King of Changshan (常山王)
- Tenure: 207–205 BC

King of Zhao (趙王)
- Tenure: 203–September 202 BC
- Successor: Zhang Ao
- Born: Unknown Date Daliang, Kingdom of Wei (modern-day Kaifeng, Henan Province)
- Died: c. September 202 BC Han China
- Issue: Zhang Ao

Posthumous name
- Jing (景)

= Zhang Er (Eighteen Kingdoms) =

3rd-century BC Chinese politician

Zhang Er (simplified Chinese: 张耳; traditional Chinese: 張耳; pinyin: Zhāng Ěr; died c. September 202 BC (Note: According to vol. 11 of Zizhi Tongjian, Zhang Er died in the 7th month of the 5th year of Liu Bang's reign (including his tenure as King of Han).)) was a Chinese politician during the late Qin Dynasty and the subsequent Chu–Han Contention.

He had served multiple different leaders before being made King of Changshan (常山王) during Xiang Yu's division of the former Qin empire. His kingdom was destroyed soon after, and he entered the services of Liu Bang, who, upon conquering the territories of his former kingdom, made him a vassal king ruling over them under a new title: King of Zhao (趙王).

== Early life ==
Zhang Er was from Daliang, then the capital of the Warring States Kingdom of Wei. During his youth, he was one of Lord Xinling's retainers. To escape capture for an unknown crime, he fled to Waihuang County (now Minquan County, Henan Province).

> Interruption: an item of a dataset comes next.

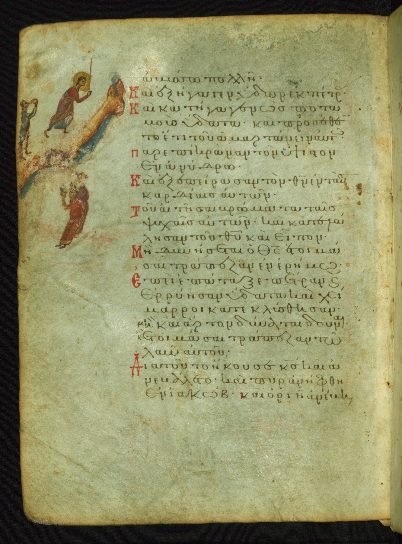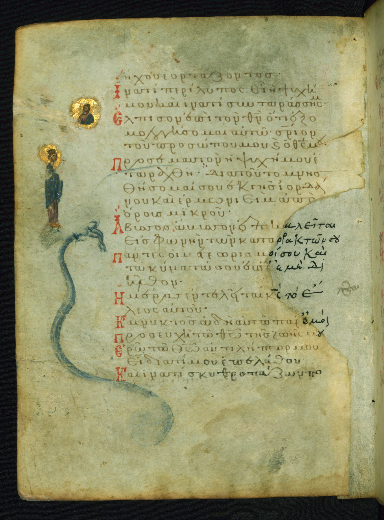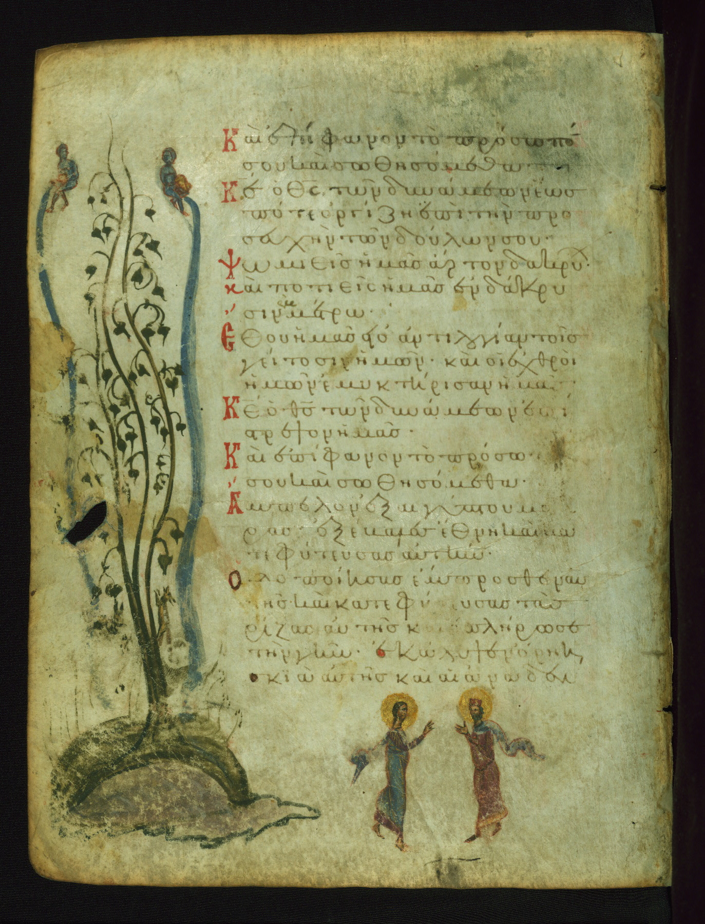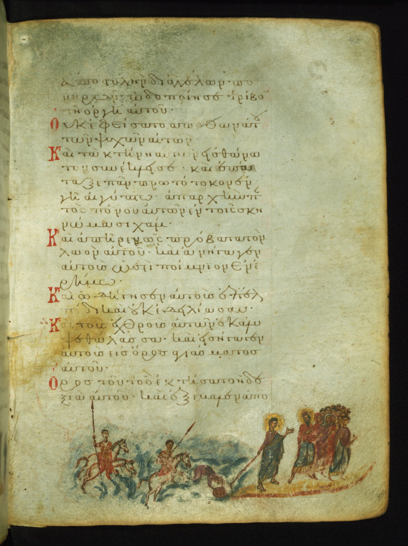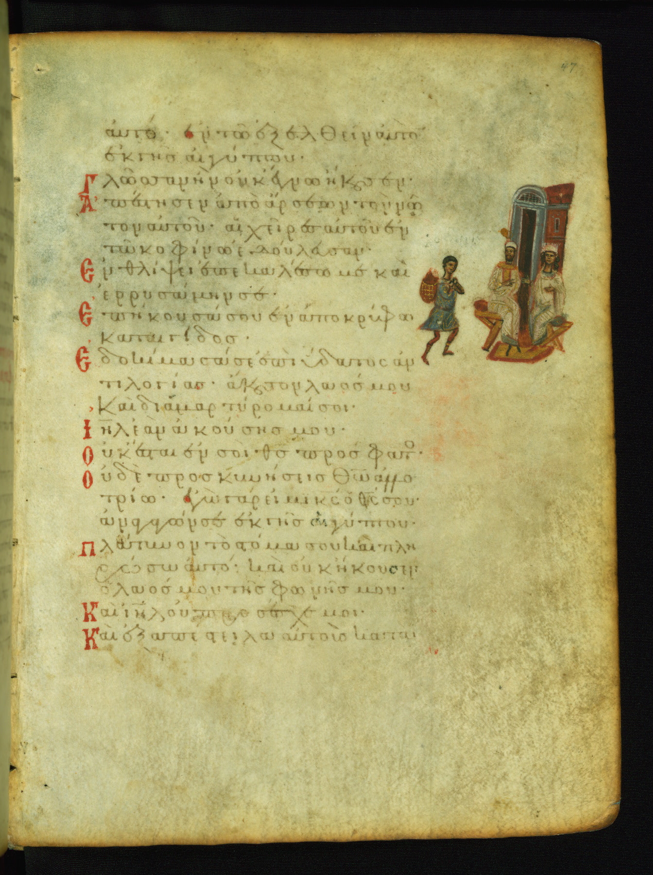 The miniature with Job and his wife (Job 2:7-10) illustrates the words "It is he [God] who raises a poor one from the ground, and from a trash heap he lifts a needy one" (NETS). The verse "The sea saw it and fled; Jordan was turned backwards" is accompanied by an image of Christ's baptism, including personifications of Jordan and the (now lost) Sea.

In Waihuang County, there was a beautiful married woman from a rich family, who, disdaining her husband's lack of ability, sought help from one of her father's retainers. This retainer, a friend of Zhang Er's, recommended him as a match for her. Zhang Er agreed to the marriage, and the woman married him after divorcing her original husband. Seeing the usefulness of retainers, Zhang Er began to recruit retainers of his own and befriended figures such as Liu Bang and Chen Yu. He also became the magistrate of Waihuang County. After Qin conquered Wei in 225 BC, the Qin government put a bounty on Zhang Er and Chen Yu in order to eliminate possible sources of resistance to Qin rule; they fled to Chen County (now Huaiyang County, Zhoukou, Henan Province) under new identities and made a living there as gatekeepers.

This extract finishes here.